As reported in a double blind study, manual diagnosis for zygapophysial
joint pain syndrome can be as accurate as radiologically controlled
diagnostic blocks (Jull G., Bogduk N., et.al., 1988). Joint
restriction could be due to spasm or shortening of surrounding
muscles, shrinking of the joint capsule or entrapment of fat
pads or meniscoides (inner membrane of the joint capsule) between
articular surfaces.
The entire musculoskeletal system behaves as a functionally
linked kinetic chain. A localized tissue injury can produce
functional biomechanical adaptations at locations some distance
from the primary site of injury (Tollison D., et. al; 1994).
This prompts evaluation and treatment of the whole spine, especially
"transition" zones where the spinal curve changes
from lordotic to kyphotic, or from kyphotic to lordotic (Maigne
R., 1997). Pain, muscle
spasm, and joint restriction needing treatment may occur at
a site distant from the original injury.
Treatment of the spinal motion segments (two vertebrae,
one disc, two zygapophysial joints with associated muscles and
ligaments) involves mobilization. Mobilization is the passive
movement of a joint through its' physiological ranges of motion.

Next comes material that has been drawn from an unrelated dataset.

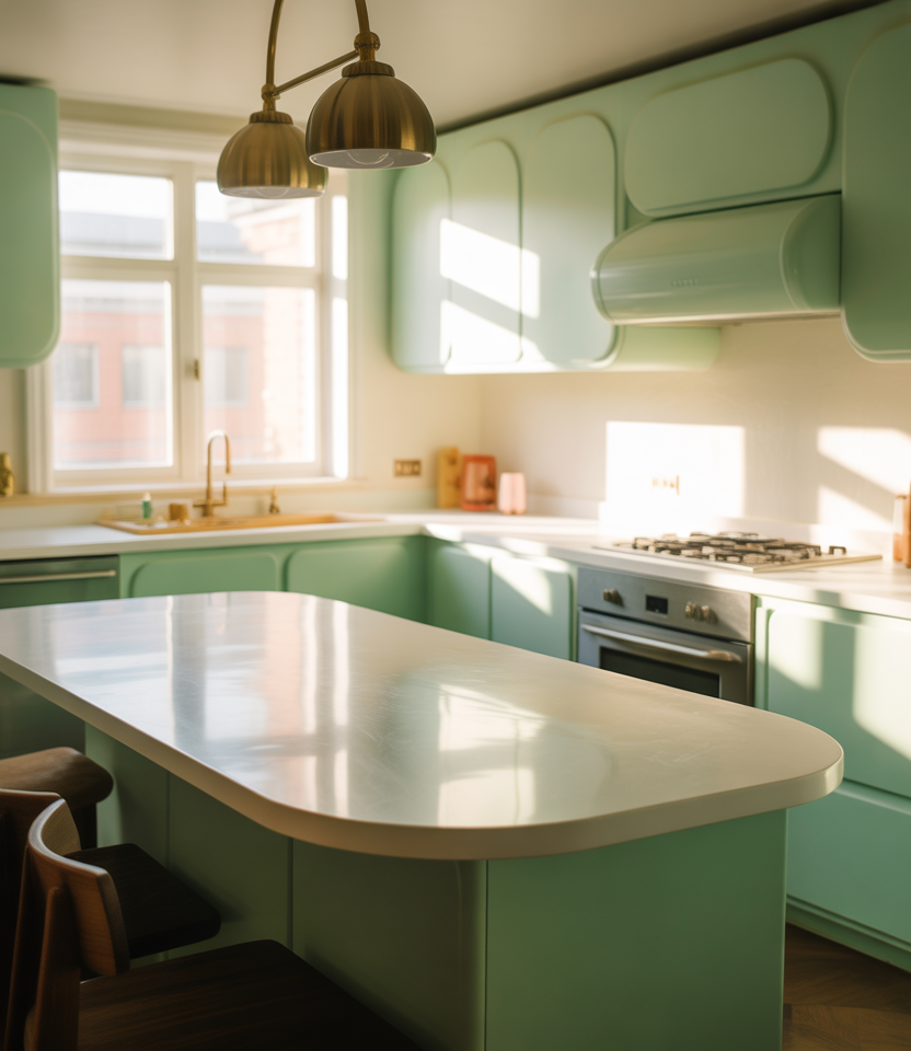 Retro kitchens are returning with a lighter hand. In 2026, designers blend retro charm with contemporary layouts, often softened by white surfaces and modern appliances. Curved corners, pastel accents, and vintage-style hardware feel nostalgic without turning kitschy.

Repetitive passive joint oscillations at the limit of the joint's
available range can have mechanical effects on joint mobility,
due to moving the joint tissue into the area of plastic deformation
of the stress-strain curve (Paris S., 1979). Neurological effects
of passive mobilization includes restoration of axonal transport,
and reduction in pain via stimulation of large-fiber joint afferents
and associated release of endorphins (Korr I.M., 1985). Self-mobilization
exercises and postisometric relaxation techniques help maintain
the effects of these office procedures.